7. Danceteria
Danceteria, a club that sent “shockwaves” through the 1980s party scene and helped launch the explosive careers of acts like Madonna and the Rolling Stones, left some New Yorkers shaken when a bomb shaped time capsule, planted by club promoters, was found at a lower Manhattan construction site. In July 2017, an item shaped like a bomb from World War II was unearthed by construction workers, causing the closure of a portion of 21st Street and the evacuation of nearby office buildings. NYPD bomb squad units were called to the scene where the innocuous capsule was buried in 1985.
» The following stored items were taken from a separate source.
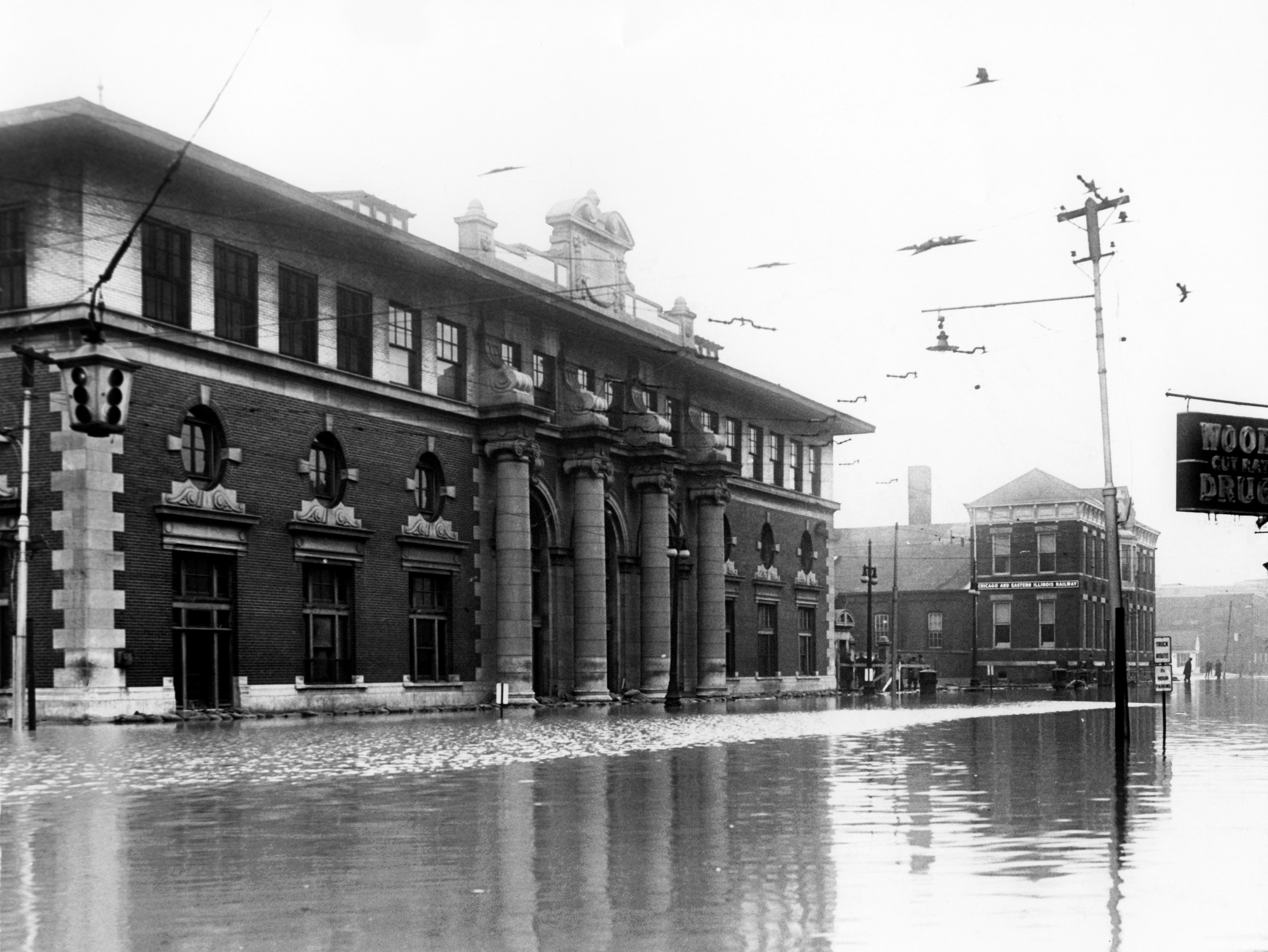 Chicago and Eastern Illinois Railroad passenger depot at 28 SE 8th St., with water covering street and surely in building. H.A. Woods Drug Co. (probably the one at 729 Main St.) sign on right. (Side note: when this building was razed, the columns pictured here were repurposed into a Four Freedoms monument on the riverfront.) Freight depot is building in rear.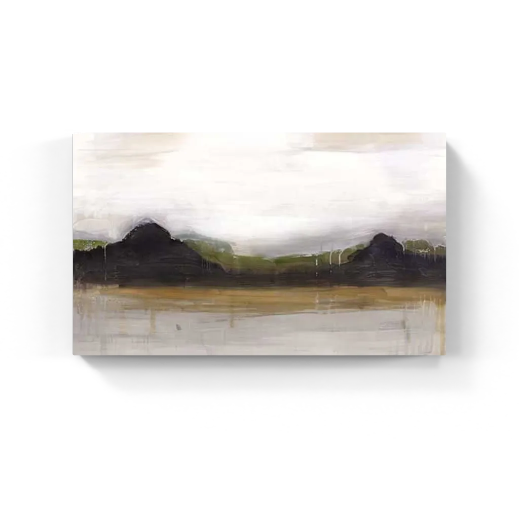 Abstract landscape painting capturing a minimalistic horizon, featuring mountains melting into earthy tones and soft, dripping textures. Subdued colors evoke a serene, reflective mood.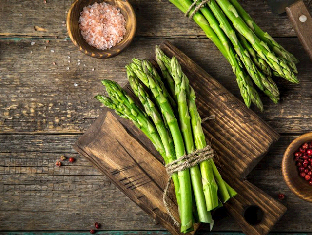 Dikdörtgen şeklindeki fotoğrafta kuşkonmaz adlı sebze yer alıyor. Kahverengi tahta masa üzerinde, ahşap iki kâse vardır. Birinin içinde pirince benzeyen taneler bulunuyor ve biraz etrafa saçılmıştır. Diğerinin içinde ise küçük, yuvarlak ve kırmızı taneler vardır. Bunlar da birazcık etrafa saçılmıştır. Masanın üzerinde saplı bir kahverengi tahta duruyor. Tahtanın üzerine ise ip ile bağlanmış çok sayıda kuşkonmaz sebzesi konumlandırılmıştır. Aynı şekilde direkt masanın üzerinde de yer alıyor. Kuşkonmaz, uzun ve ince bir yapıya sahiptir. Rengi yeşildir. Uç kısımlarında üst üste yaprakları vardır. Ayrıca gövde kısmında da hafif yapraklar bulunmaktadır. Uç kısımlarına doğru sivrileşiyor.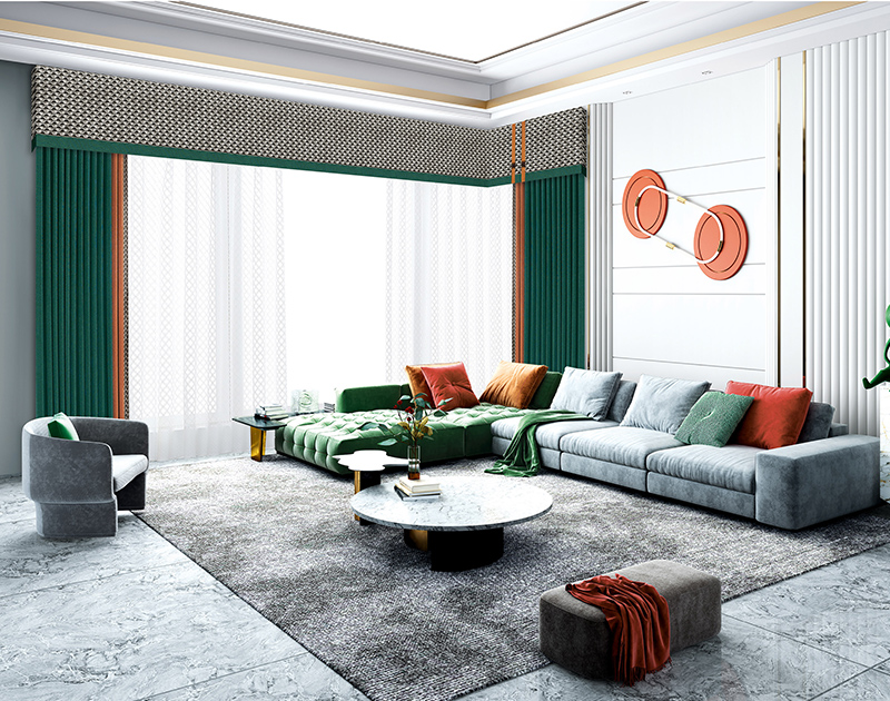 客廳是整個(gè)家居環(huán)境的體現(xiàn),主要承擔(dān)會(huì)客和娛樂(lè)功能,光線好的客廳可以選擇擋光、隔熱功能強(qiáng)的厚棉麻或滌綸材質(zhì)。如果客廳光線被遮擋,就應(yīng)該選擇淺色調(diào)或透光性強(qiáng)一些的輕薄材質(zhì)。
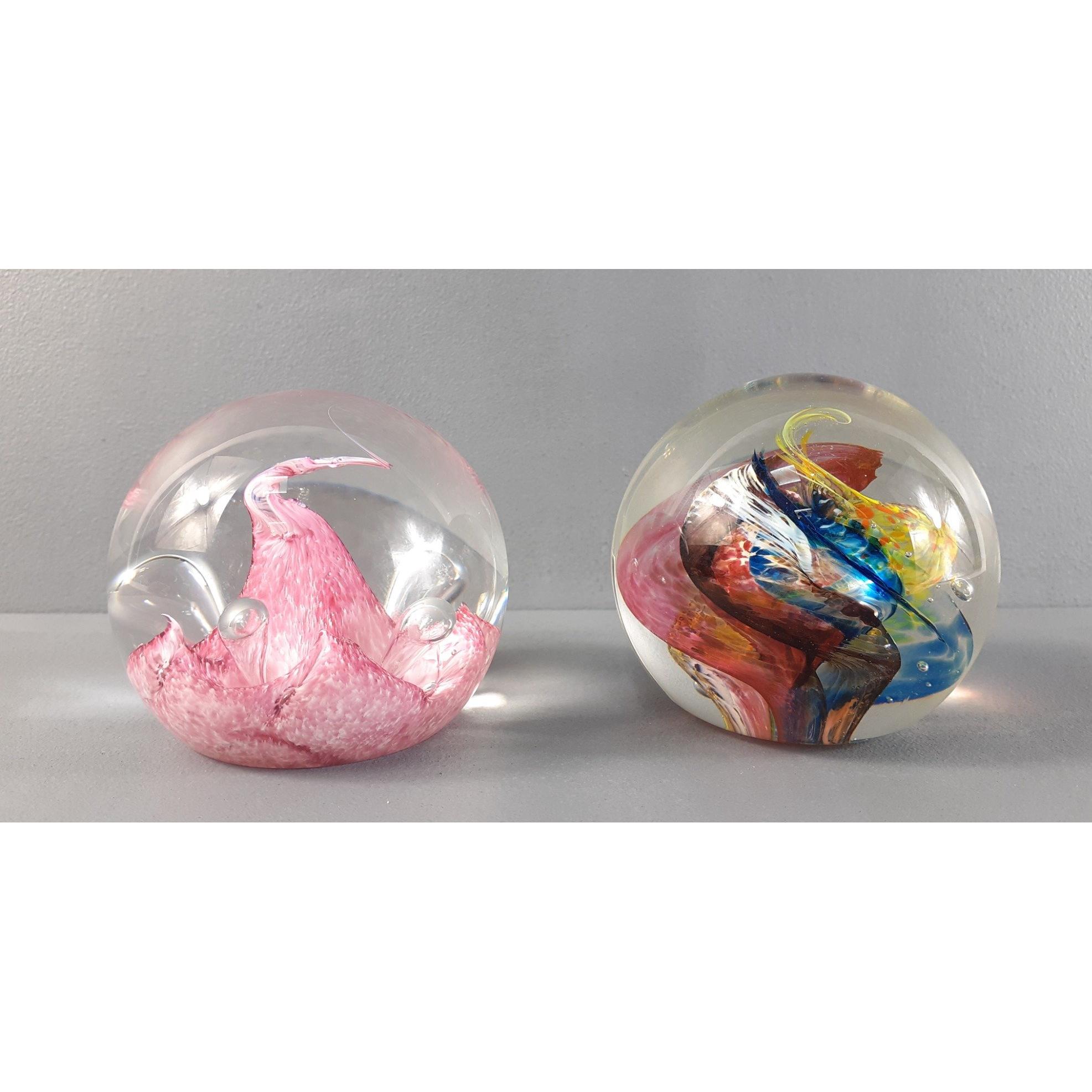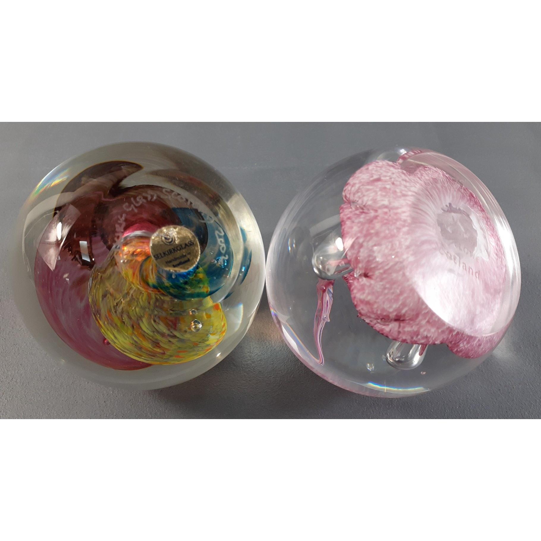 Two glass paper weights - one is SELKIRK GLASS (swirly multi-coloured one) and the other is CAITHNESS GLASS (pink swirly one) - dimensions 9cm diameter x 8cm height approx - both stamped to the base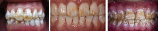 白垩型(轻度):牙面失去正常光泽,出现不透明斑块;
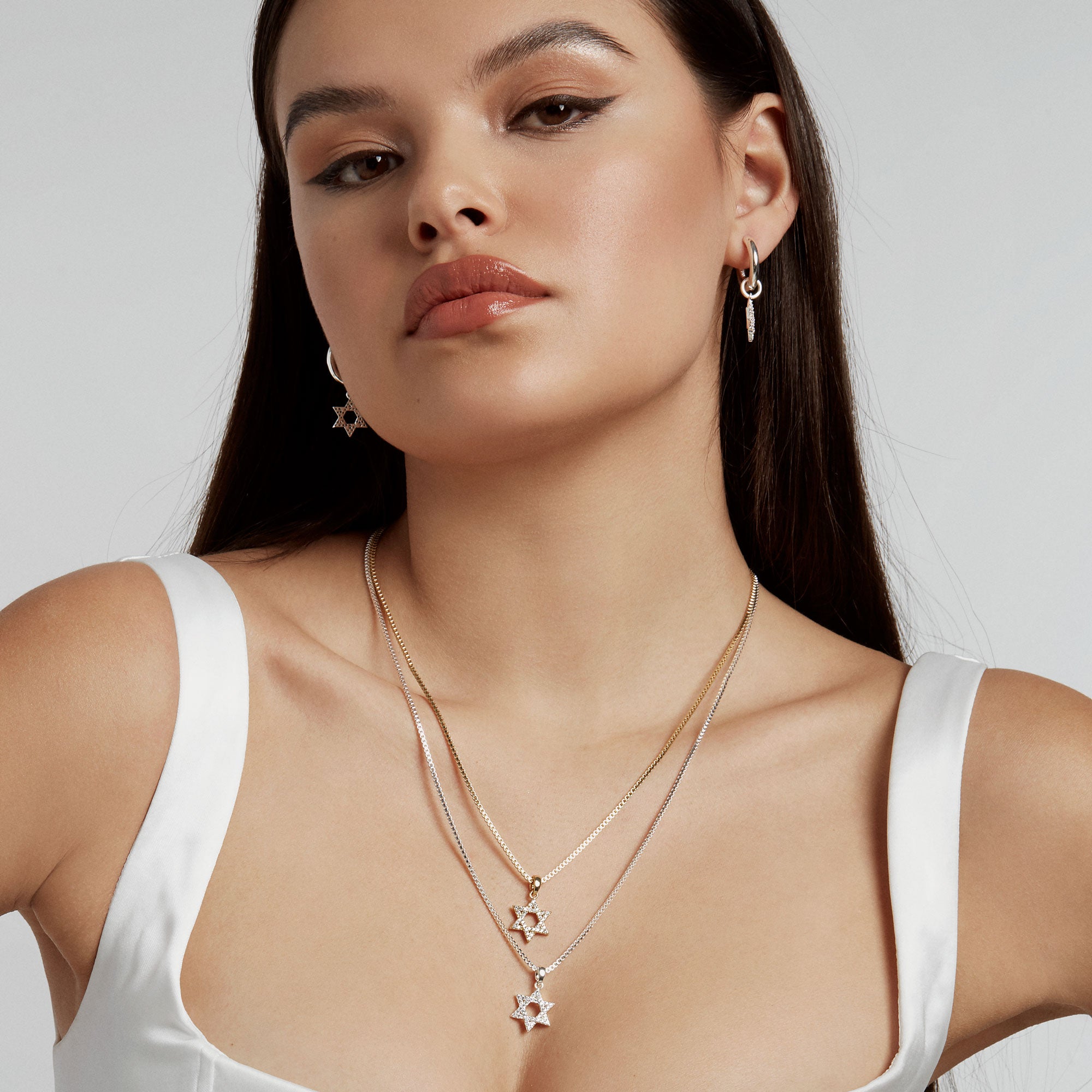 Experimenting the various possibilities of mix and match with our charms hoops. With the minimalist details of this Star of David, the Asher charm is an alluring option for your hoops. Switching charms has never been this easy.

Since the discovery, cartoonists James Romberger and Marguerite van Cook have claimed responsibility for the controversial stunt. Posters from the 1980s advertising the burial list its contents as, “Priceless Art for Posterity, Memorabilia from the Stars of the Scene, Trash of the Treacherous, Souvenirs Not Sold Anywhere.” According to van Cook’s Facebook page, some of the items enclosed in the bombshell are “one of Diana Ross’ fake eyelashes and Chi Chi Valenti’s g-string among thousands of messages to the future.” On October 25th, 1985 the capsule was buried in an alley adjacent to Danceteria with a sign reading, “To all you Futurists, 10 feet opposite this sign is a time capsule. Please open it in 10,000 years.”